Your little girl is a very young student and as such she will not need lengthy instruction. 1-2 hours of concentrated work is far better than long periods of time spent at a table in front of books. Which brings up another point. Young children are learning at many opportunities throughout their day. Preparing meals, doing laundry, household chores and other times are all perfect opportunities for instruction.

Try to find a time when your younger children are resting or occupied to begin her formal studies. Using a lesson plan can make this easier for you. You will not have the burden of preparation to detract from the amount of time you are able to spend teaching. A lesson plan makes it possible for you to have a schedule and method for your teaching. Many parents find that a lesson plan keeps them organized and organization (as it is understood by the individual) is the key to effective homeschooling. Again a lesson plan is a personal set of goals set forth by the teacher and determines the path that instruction will follow.

I would suggest that you try to find a homeschooling support group that you can tap into. If it is possible seek out a Catholic homeschooling group. This will serve the twofold goal of support and spirituality. Sharing your faith with a group of moms whose goals are fairly the same as yours will be very uplifting. This group will also have the added benefit of friendships and playtime for your children. You will gain insights and improve your teaching skills as you take part in discussions afforded through the group. Many groups have conferences and opportunities for fellowship that further uplift and encourage moms.

Homeschooling can be an isolating experience. Feeling 'stuck in the house' is a common challenge moms face when very young children are not as able to play outside. I do not know where you live but if it is a place that is cold then you are probably a bit wary of getting young children outside. I used to live in the Aluetian Islands of Alaska. During the horrible cold of the winter months we often spoke about having 'cabin fever'. Yuk. There were days on end that I woke up and went to bed in the same 4 rooms of our tiny base house. For me to cure cabin fever it was necessary for me to find one activity to look forward to each day. This is in large part why I became interested in learning to bake bread. This was a skill that could occupy my time. In addition, I would take the children out of doors each day. Even if it was to look at the snow. J I had to get out of the house. Going to the library, the grocery store, a friend's house, church, or any number of places is healthy. Packing up the children and getting 'out' takes a great deal of effort but doing so empowers us moms to do more than we thought possible thus making us stronger more capable moms.

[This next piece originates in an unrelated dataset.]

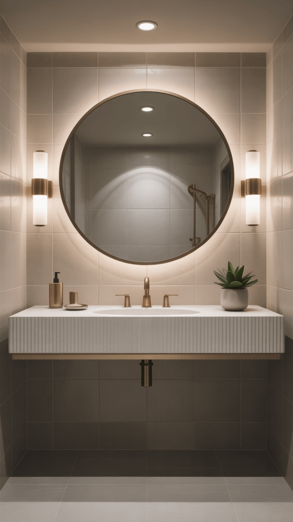 - The Mirror: Go big! A large mirror, or even a mirror covering the entire wall behind the vanity, will amplify light and make the space feel huge. Add sconces on either side for the perfect, shadow-free lighting for grooming.
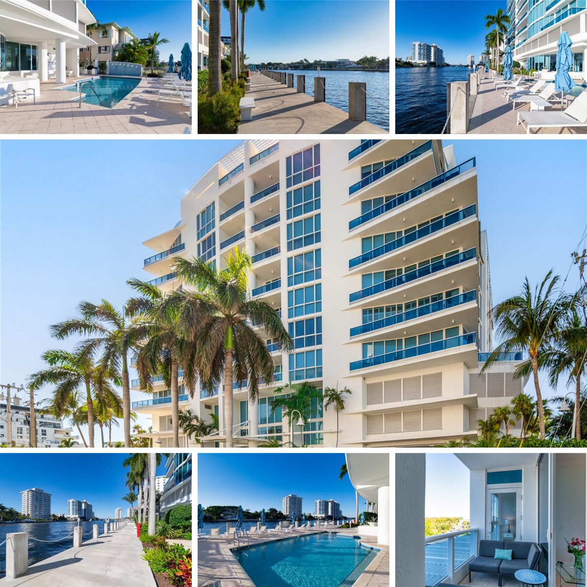 Lovely residence with sweeping views of the Intracoastal Waterway, Sunrise Bridge, and Bonnet House Gardens. This bright, airy unit features elegant marble floors throughout and a versatile den with full ensuite bath and closet, easily convertible to a third bedroom. The chef’s kitchen is a $70,000 upgrade with Intracoastal views, Sub-Zero refrigerator, modern appliances, custom maple cabinetry with imported Austrian veneer, quartzite countertops, and a mother-of-pearl backsplash. Spacious living and dining areas offer an active water view. Split-bedroom layout provides privacy with ensuite baths, walk-in closets, and soundproof party walls. Includes 2 premium deeded corner parking spaces. North-facing exposure delivers abundant natural light without harsh sun for quiet coastal enjoyment.

You are doing a wonderful job. I admire your foresight and desire to plan and prepare for the homeschooling lifestyle. I am going to assume that you are a mom that does not work outside of the home on a regular basis. You are definitely in the minority these days and times. It requires a great deal of sacrifice to deal with young children and the challenges they present coupled with the loss of income that would be possible if you had chosen to work outside the home. This is not to say that moms who are forced by circumstances to seek employment outside the home are any less worthy. Each vocation is a situation that is within the Lord's will therefore the glory is to the person who follows the Lord's will as they pray to understand it. I admire this in any person that I meet. It is a holy and pure witness and one that gives me great strength to witness. Praise God. Thank you for your letter. I can tell you for certain that your letter has helped countless others who have not written but will read your question and connect with you. J

Let us pray the Memorare together at this time. Let us offer up our daily toil with small children for all the moms who would desire to stay home with their children but are forced by circumstances to work outside the home. Our prayers and offerings will not only uplift us but it will uplift these moms as well. When we arrive in Heaven perhaps we will be greeted by moms who will thank us for the mutual prayers. St. Ann, pray for us. Amen.